The reason I wrote it like that is because I want the DataLoader to handle input instances of shape (100, 41) at a time, and we have 32 of these single instances.

However, I noticed that contrary to my initial belief the idx argument the DataLoader passes to the function is not sequential (this is crucial because my data is time series data). For example, printing the values gave me something like this:

idx = 206000
idx = 113814
idx = 80597
idx = 3836
idx = 156187
idx = 54990
idx = 8694
idx = 190555
idx = 84418
idx = 161773
idx = 177725
idx = 178351
idx = 89217
idx = 11048
idx = 135994
idx = 15067

Is this normal behavior? I'm posting this question because the data batches that are being returned are not what I initially wanted them to be.

The original logic that I used to preprocess the data before using the DataLoader was:

  1. Read data in from either txt or csv file.
  2. Calculate how many batches are in the data and slice the data accordingly. For example, since one input instance is of shape (100, 41) and 32 of these form one minibatch, we usually end up with around 100 or so batches and reshape the data accordingly.
  3. One input is of shape (32, 100, 41).

I'm not sure how else I should be handling the DataLoader hook methods. Any tips or advice are greatly appreciated. Thanks in advance.

Answer

Berriel picture Berriel · Nov 13, 2019

What defines the idx is the sampler or batch_sampler, as you can see here (open-source projects are your friend). In this code (and comment/docstring) you can see the difference between sampler and batch_sampler. If you look here you'll see how the index is chosen:

def __next__(self):
    index = self._next_index()

# and _next_index is implemented on the base class (_BaseDataLoaderIter)
def _next_index(self):
    return next(self._sampler_iter)

# self._sampler_iter is defined in the __init__ like this:
self._sampler_iter = iter(self._index_sampler)

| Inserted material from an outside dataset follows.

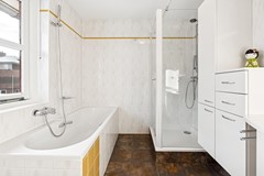 De badkamer is compleet uitgevoerd met ligbad, douche, wastafelmeubel en raam voor daglicht en ventilatie. Daarnaast is er een separate toiletruimte op de overloop.

# and self._index_sampler is a property implemented like this (modified to one-liner for simplicity):
self._index_sampler = self.batch_sampler if self._auto_collation else self.sampler

Pay attention that this is the _SingleProcessDataLoaderIter implementation; you can find the _MultiProcessingDataLoaderIter here (ofc, which one is used depends on the num_workers value, as you can see here). Going back to the samplers, assuming your Dataset is not _DatasetKind.Iterable and that you are not providing a custom sampler, it means you are either using (dataloader.py#L212-L215):

if shuffle:
    sampler = RandomSampler(dataset)
else:
    sampler = SequentialSampler(dataset)

if batch_size is not None and batch_sampler is None:
    # auto_collation without custom batch_sampler
    batch_sampler = BatchSampler(sampler, batch_size, drop_last)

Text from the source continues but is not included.